ASSIGNMENT |
Print the listing below only from the line that has "Модульная малогабаритная лестница" through the line that has "Data cable storage", exactly, and drop any picture.

WORKING DATA |
------------------------------------------------------------
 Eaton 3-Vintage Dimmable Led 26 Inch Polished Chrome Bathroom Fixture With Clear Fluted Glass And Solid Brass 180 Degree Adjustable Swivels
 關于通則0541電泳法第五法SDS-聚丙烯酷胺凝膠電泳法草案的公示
------------------------------------------------------------
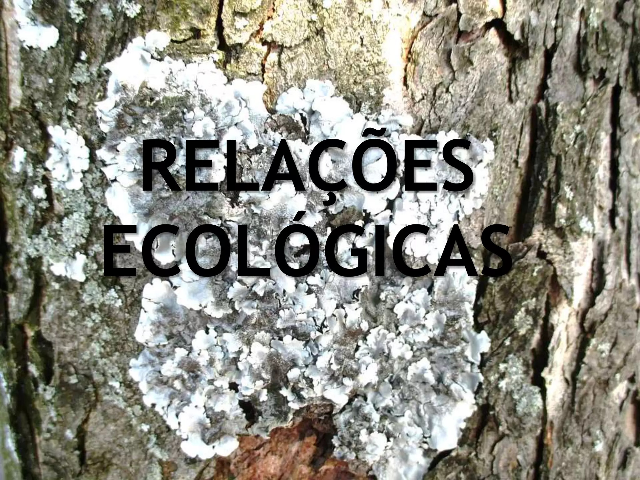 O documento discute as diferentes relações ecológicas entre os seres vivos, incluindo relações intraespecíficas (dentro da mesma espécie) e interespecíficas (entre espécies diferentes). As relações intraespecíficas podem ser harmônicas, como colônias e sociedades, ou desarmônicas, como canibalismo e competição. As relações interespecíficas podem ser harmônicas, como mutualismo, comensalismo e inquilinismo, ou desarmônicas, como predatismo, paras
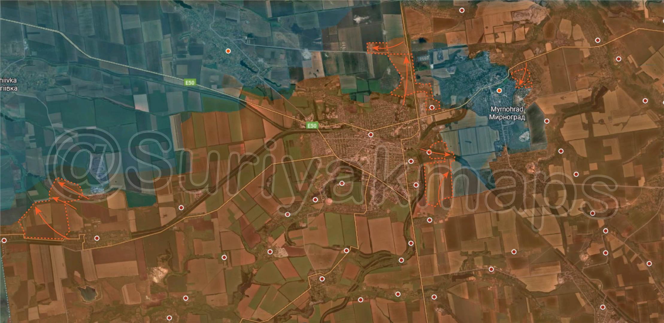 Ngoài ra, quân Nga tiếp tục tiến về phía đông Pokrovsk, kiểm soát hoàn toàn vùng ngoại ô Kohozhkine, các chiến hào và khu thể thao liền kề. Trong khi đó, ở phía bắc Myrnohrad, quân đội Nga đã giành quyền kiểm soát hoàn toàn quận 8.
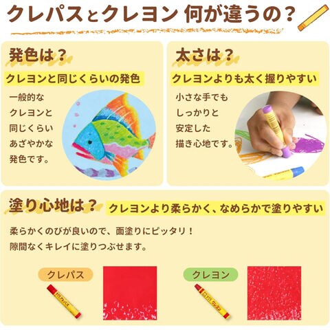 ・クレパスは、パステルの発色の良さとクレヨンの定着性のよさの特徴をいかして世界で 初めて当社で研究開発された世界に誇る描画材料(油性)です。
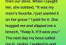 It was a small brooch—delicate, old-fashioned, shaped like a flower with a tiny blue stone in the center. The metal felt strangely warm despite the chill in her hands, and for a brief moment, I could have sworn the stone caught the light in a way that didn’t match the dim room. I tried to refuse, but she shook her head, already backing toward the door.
------------------------------------------------------------
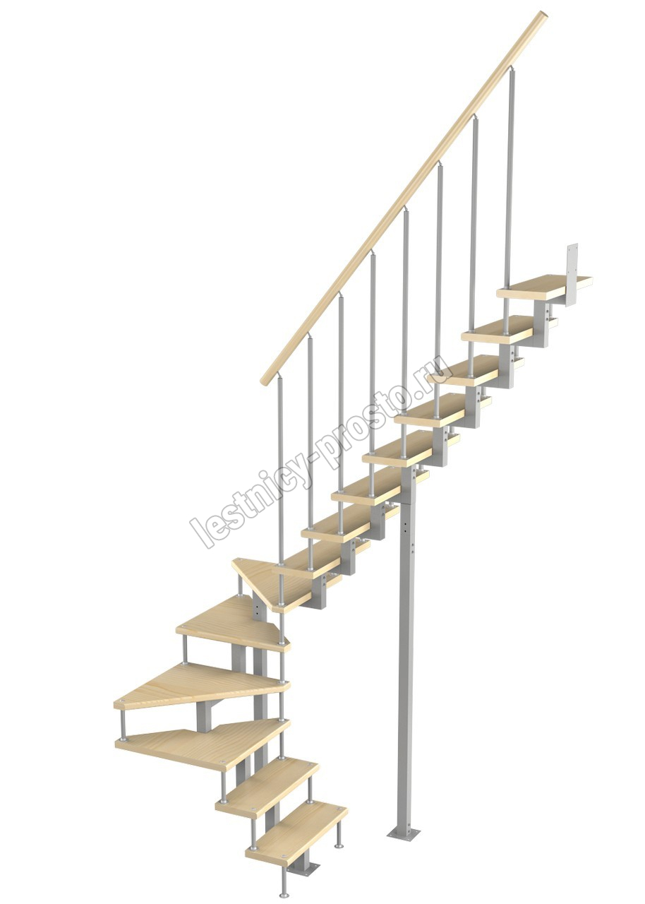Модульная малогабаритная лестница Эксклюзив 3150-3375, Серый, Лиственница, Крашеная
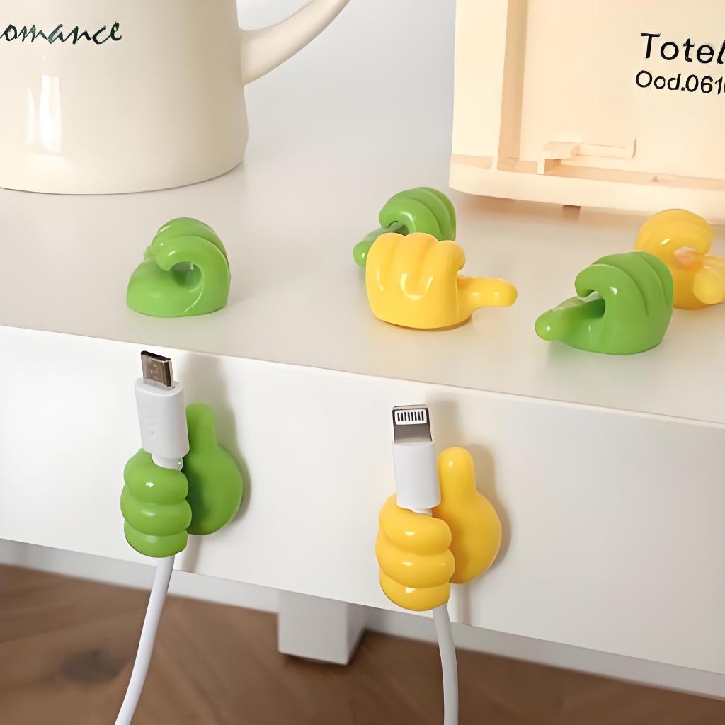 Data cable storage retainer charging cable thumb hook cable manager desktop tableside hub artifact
------------------------------------------------------------
YOUR SOLUTION |
Модульная малогабаритная лестница Эксклюзив 3150-3375, Серый, Лиственница, Крашеная
 Data cable storage retainer charging cable thumb hook cable manager desktop tableside hub artifact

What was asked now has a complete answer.